Starting at the line with "With Julie Woodzicka, William" and ending at the line with "在羽毛球赛场上,选手们以轻盈", print exactly the lines of the entries below. Pictures do not belong in the copy.

--

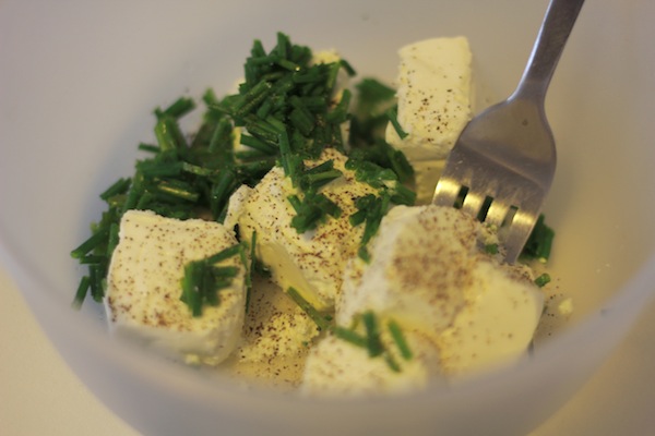 Mettez les carrés frais dans un récipient, coupez la ciboulette en petits morceaux et ajoutez là, terminez par le jus de citron, salez, poivrez et remuez bien le tout.
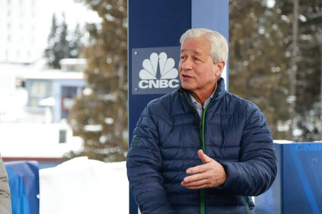 摩根大通CEO杰米·戴蒙也非常喜欢排骨羽绒服,袖子处的“World Economic Forum”绿色刺绣,还暴露了是达沃斯发的工服。
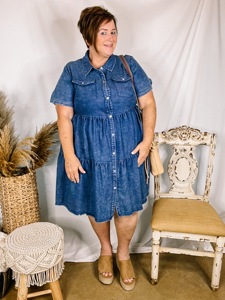 After searching everywhere, this body style is still the the one! This adorable dress includes a button up front, collared neckline, front pockets, a ruffle tiered skirt, and short sleeves. Pair this denim chambray dress with boots and a hat and you'll be set! Nancy is wearing a size 2XL.
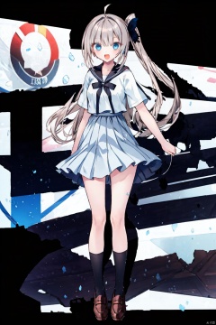 1girl, solo, long hair, blue eyes, loafers, socks, skirt, bow, very long hair, shoes, open mouth, full body, brown footwear, ponytail, hand on hip, smile, belt, school uniform, blue socks, ahoge, short sleeves, pleated skirt, standing, black socks, breasts, hair bow, bangs, sailor collar, bowtie, shirt, hand on own chest, ^_^, white sailor collar, kneehighs, white shirt, :d, medium breasts, facing viewer, serafuku, miniskirt, grey hair, blue skirt, red bow, black bow, black skirt,
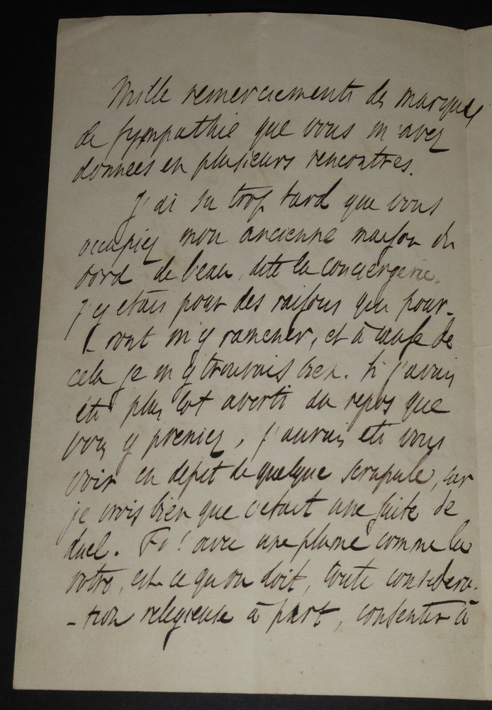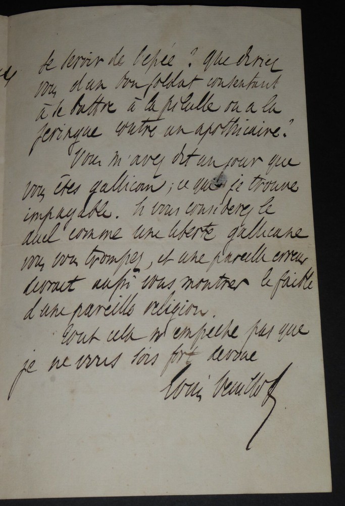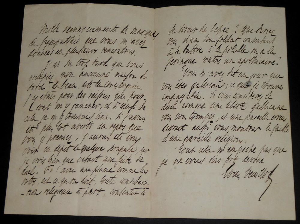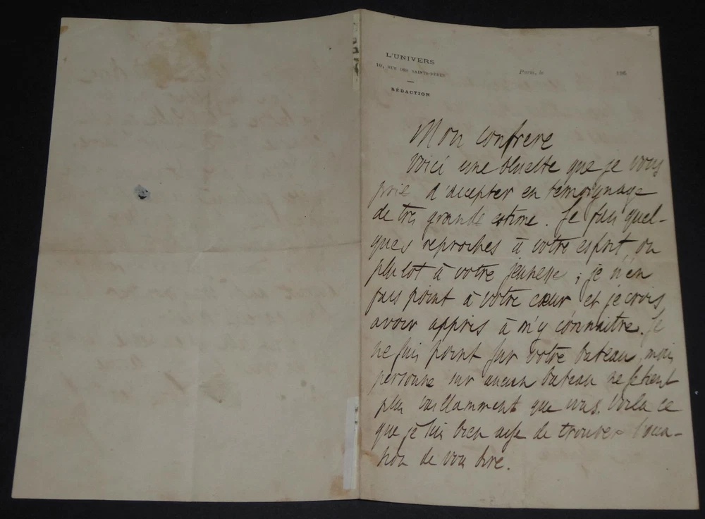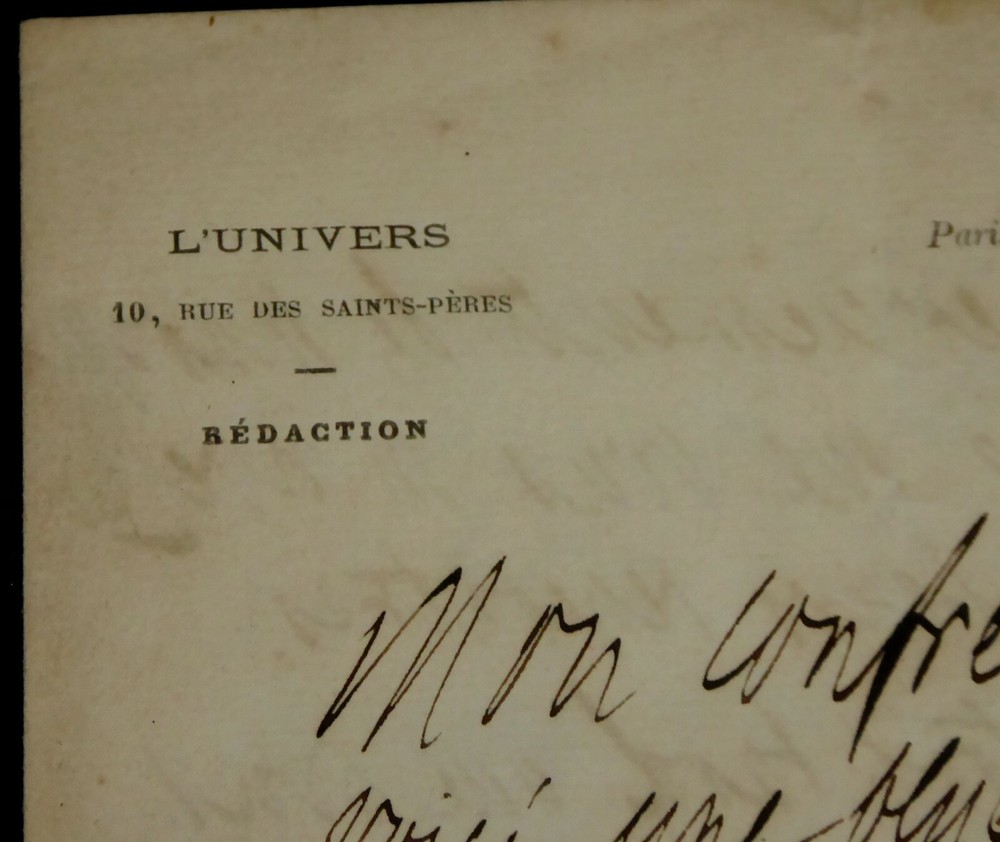Louis VEUILLOT. Lettre autographe signée. Il offre une Bluette ( Œuvre légère et sans prétention, empreinte de sentimentalisme). Il parle aussi de duel et de religion. Lettre en-tête de la rédaction du journal L'Univers. Dimensions : 12.5 x 19 cm. 3 pages. Etat : Présence de rousseurs et d'onglets. Sinon Bel état. Louis Veuillot, né à Boynes le 11 octobre 1813 et mort à Paris le 7 mars 1883, est un journaliste et homme de lettres français. Catholique passionné, il défend avec vigueur l'enseignement privé et reprend le journal L'Univers, qu'il dirige avec son frère Eugène Veuillot. Wikipédia Envoi soigné dans un emballage rigide et étanche. N’hésitez pas à visiter ma boutique et affiner vos recherches en fonction des catégories qui vous intéressent. Ma boutique L'Art Délivré. Lettres autographes, vieux papiers, livres anciens, photographies, gravures, timbres… Nous expertisons et/ou rachetons dans toute la France vos lettres, collections de lettres et livres anciens. Merci de votre visite. Jérôme KAYSER. Louis VEUILLOT. Lettre autographe signée. Il offre une Bluette (Œuvre légère et sans prétention, empreinte de sentimentalisme). Il parle aussi de duel et de religion. Etat : Présence de rousseurs et d'onglets. Sinon Bel état. Louis Veuillot, né à Boynes le 11 octobre 1813 et mort à Paris le 7 mars 1883, est un journaliste et homme de lettres français. Catholique passionné, il défend avec vigueur l'enseignement privé et reprend le journal L'Univers, qu'il dirige avec son frère Eugène Veuillot. Wikipédia N’hésitez pas à visiter ma boutique et affiner vos recherches en fonction des catégories qui vous intéressent. Ma boutique Lettres autographes, vieux papiers, livres anciens, photographies, gravures, timbres… Nous expertisons et/ou rachetons dans toute la France vos lettres, collections de l
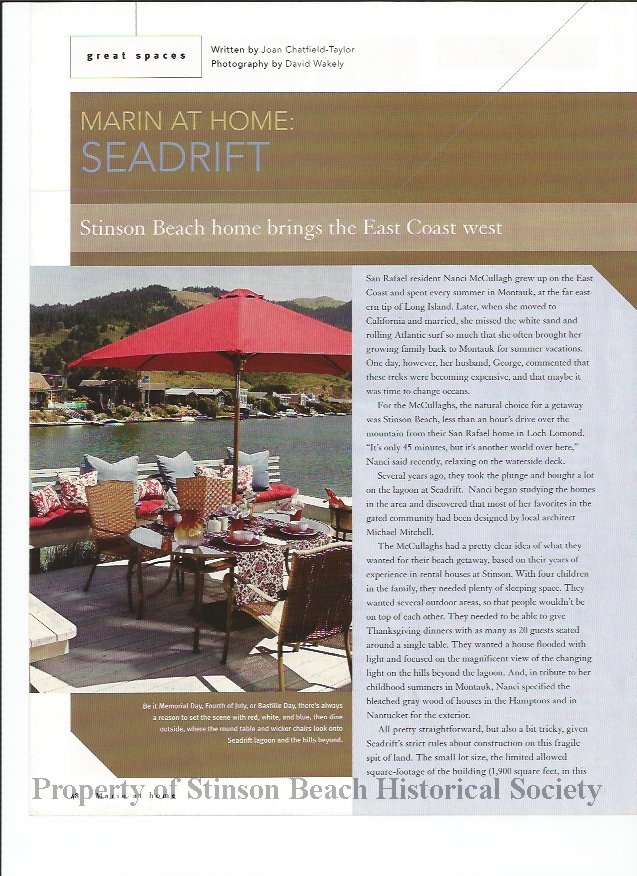 4 pages, letter size, colored photograph from Marin at Home magazine.
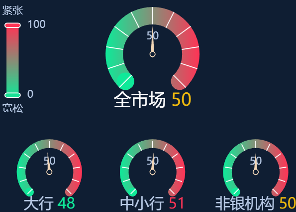 六、资金面情绪指数:全市场50 资金面紧平衡 (0-100紧张度递增,50为均衡,超过50反映资金紧张)
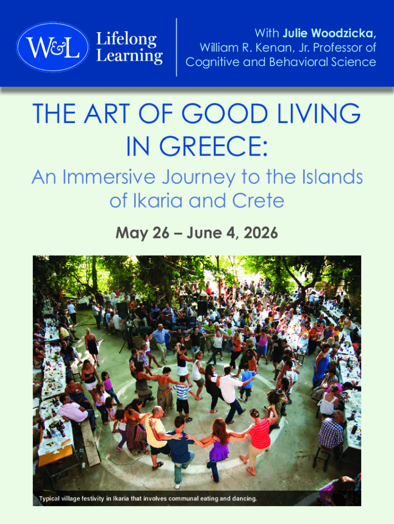 With Julie Woodzicka, William R. Kenan, Jr. Professor of Cognitive and Behavioral ScienceTHE ART OF GOOD LIVING IN GREECE: An Immersive Journey to the Islands of Ikaria and Crete May 26 June 4, 2026Typical village festivity in Ikaria that involves communal eating and dancing.TRAVELING WITH YOU JULIE WOODZICKA William R. Kenan, Jr. Professor of Cognitive and Behavioral Science Dear Washington & Lee Travelers, Undoubtedly, the Greek islands are one of the worlds most alluring places to visit
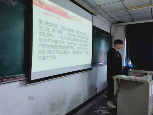 于南湖校区主楼1401室举办“学习新中国《国史》主题微党课”。本次微党课由170304班学生助理田鑫主讲。17级全体党员及发展对象参加。
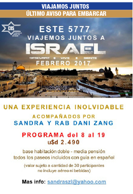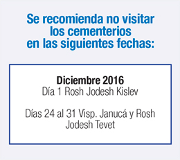 El próximo Viernes 9 y Sábado 10 de Diciembre 2016 : 10 al 16 Kislev |
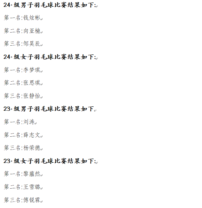 在羽毛球赛场上,选手们以轻盈的身姿和精准的扣杀赢得了现场观众的阵阵掌声。经过多轮激烈比拼,最终,来自24级的钱炫彬同学和23级的刘涛同学凭借出色的发挥,成功夺得年级男子单打冠军,而女子单打桂冠则由24级的李梦琪同学和23级的黎蕴然同学摘得。
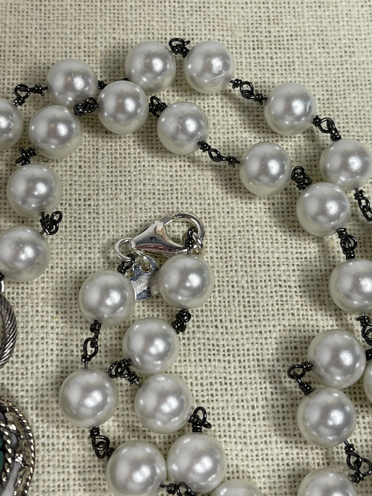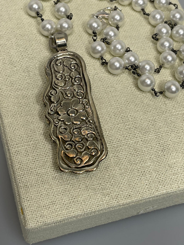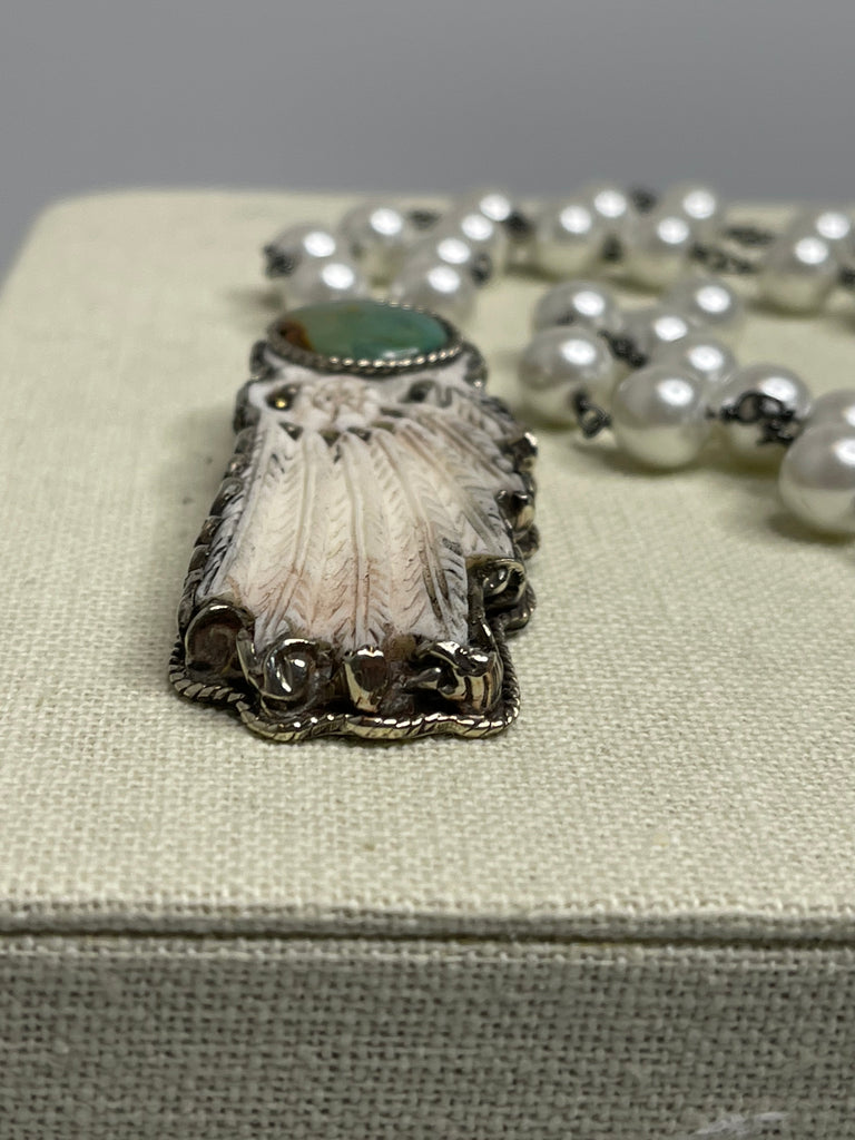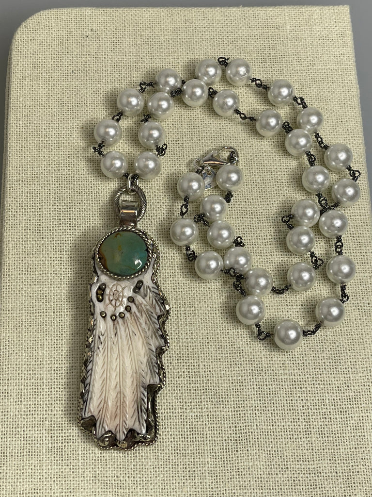 This whimsical bone carving has a stunning feather headdress. The carving is accented with a .75 in. glass pearl turquoise. The bezel is beautifully stamped on the sides and the back. The stainless and pearl chain is 24" and has a simple sterling silver lobster clasp.

--

**Reply to the task:**
 With Julie Woodzicka, William R. Kenan, Jr. Professor of Cognitive and Behavioral ScienceTHE ART OF GOOD LIVING IN GREECE: An Immersive Journey to the Islands of Ikaria and Crete May 26 June 4, 2026Typical village festivity in Ikaria that involves communal eating and dancing.TRAVELING WITH YOU JULIE WOODZICKA William R. Kenan, Jr. Professor of Cognitive and Behavioral Science Dear Washington & Lee Travelers, Undoubtedly, the Greek islands are one of the worlds most alluring places to visit
 于南湖校区主楼1401室举办“学习新中国《国史》主题微党课”。本次微党课由170304班学生助理田鑫主讲。17级全体党员及发展对象参加。
 El próximo Viernes 9 y Sábado 10 de Diciembre 2016 : 10 al 16 Kislev |
 在羽毛球赛场上,选手们以轻盈的身姿和精准的扣杀赢得了现场观众的阵阵掌声。经过多轮激烈比拼,最终,来自24级的钱炫彬同学和23级的刘涛同学凭借出色的发挥,成功夺得年级男子单打冠军,而女子单打桂冠则由24级的李梦琪同学和23级的黎蕴然同学摘得。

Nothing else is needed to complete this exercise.